## Work item
Your answer should consist only of the lines below from the one with "Small and compact, this" through the one with "1) consciensious a)", copied exactly.

## Study material
____________________

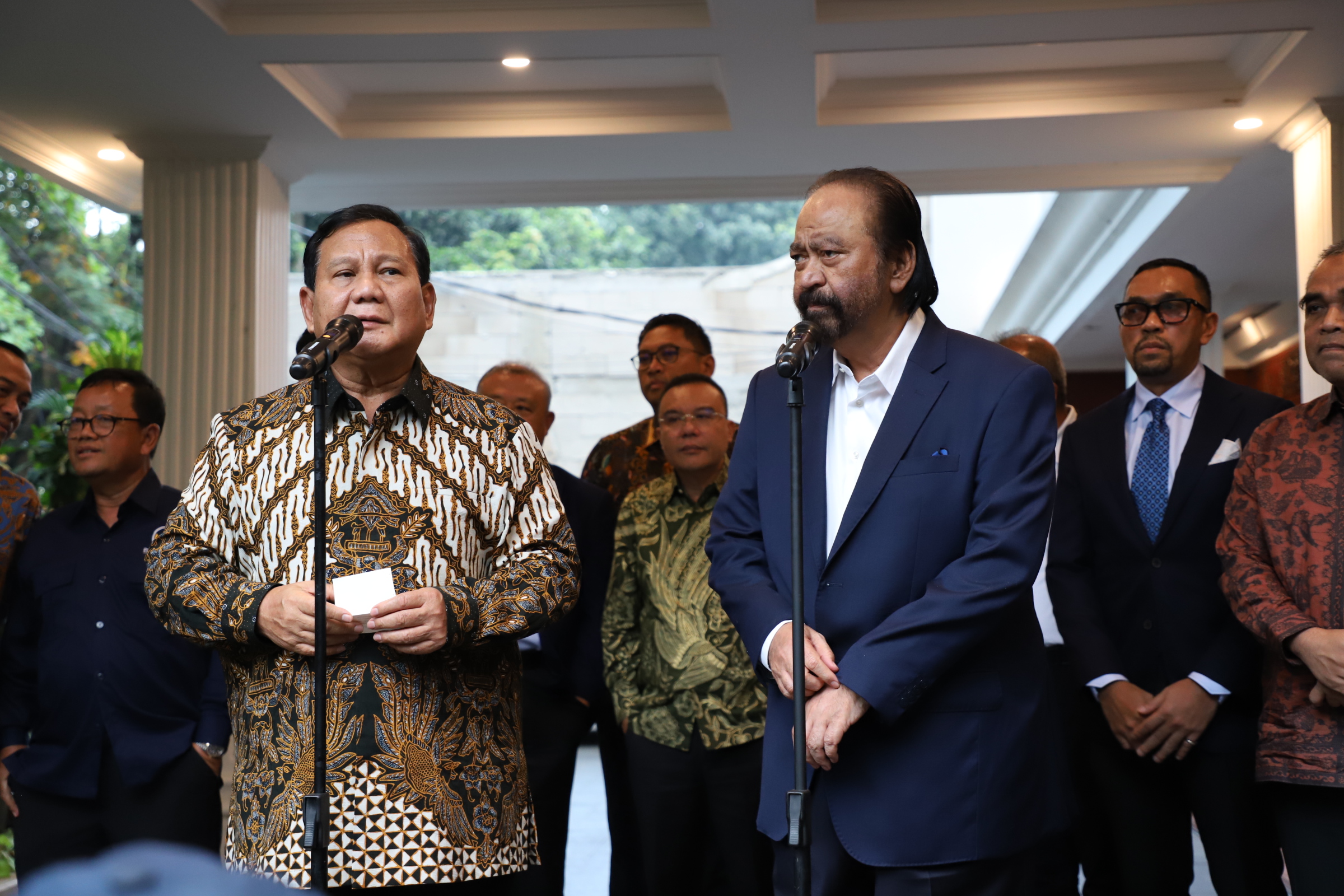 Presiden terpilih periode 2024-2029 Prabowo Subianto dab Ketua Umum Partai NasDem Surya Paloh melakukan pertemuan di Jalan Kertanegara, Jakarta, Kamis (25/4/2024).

____________________

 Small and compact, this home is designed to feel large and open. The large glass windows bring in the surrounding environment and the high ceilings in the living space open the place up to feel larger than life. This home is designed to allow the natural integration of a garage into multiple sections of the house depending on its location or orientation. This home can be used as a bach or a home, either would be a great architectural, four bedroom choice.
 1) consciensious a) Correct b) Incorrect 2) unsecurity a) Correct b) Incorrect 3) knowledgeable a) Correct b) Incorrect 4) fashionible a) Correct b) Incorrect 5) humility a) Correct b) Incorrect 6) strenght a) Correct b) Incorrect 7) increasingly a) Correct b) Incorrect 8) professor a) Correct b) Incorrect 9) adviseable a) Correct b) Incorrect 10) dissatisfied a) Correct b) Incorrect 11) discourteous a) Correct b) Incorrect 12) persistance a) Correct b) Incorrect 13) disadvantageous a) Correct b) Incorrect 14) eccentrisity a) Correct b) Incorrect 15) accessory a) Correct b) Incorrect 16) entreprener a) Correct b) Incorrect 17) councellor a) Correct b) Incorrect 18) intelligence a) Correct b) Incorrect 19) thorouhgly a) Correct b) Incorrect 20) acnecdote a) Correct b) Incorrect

____________________

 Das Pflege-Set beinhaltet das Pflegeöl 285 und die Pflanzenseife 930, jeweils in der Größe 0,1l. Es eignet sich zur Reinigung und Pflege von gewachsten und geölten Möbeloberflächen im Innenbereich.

____________________

## Answer to this problem
 Small and compact, this home is designed to feel large and open. The large glass windows bring in the surrounding environment and the high ceilings in the living space open the place up to feel larger than life. This home is designed to allow the natural integration of a garage into multiple sections of the house depending on its location or orientation. This home can be used as a bach or a home, either would be a great architectural, four bedroom choice.
 1) consciensious a) Correct b) Incorrect 2) unsecurity a) Correct b) Incorrect 3) knowledgeable a) Correct b) Incorrect 4) fashionible a) Correct b) Incorrect 5) humility a) Correct b) Incorrect 6) strenght a) Correct b) Incorrect 7) increasingly a) Correct b) Incorrect 8) professor a) Correct b) Incorrect 9) adviseable a) Correct b) Incorrect 10) dissatisfied a) Correct b) Incorrect 11) discourteous a) Correct b) Incorrect 12) persistance a) Correct b) Incorrect 13) disadvantageous a) Correct b) Incorrect 14) eccentrisity a) Correct b) Incorrect 15) accessory a) Correct b) Incorrect 16) entreprener a) Correct b) Incorrect 17) councellor a) Correct b) Incorrect 18) intelligence a) Correct b) Incorrect 19) thorouhgly a) Correct b) Incorrect 20) acnecdote a) Correct b) Incorrect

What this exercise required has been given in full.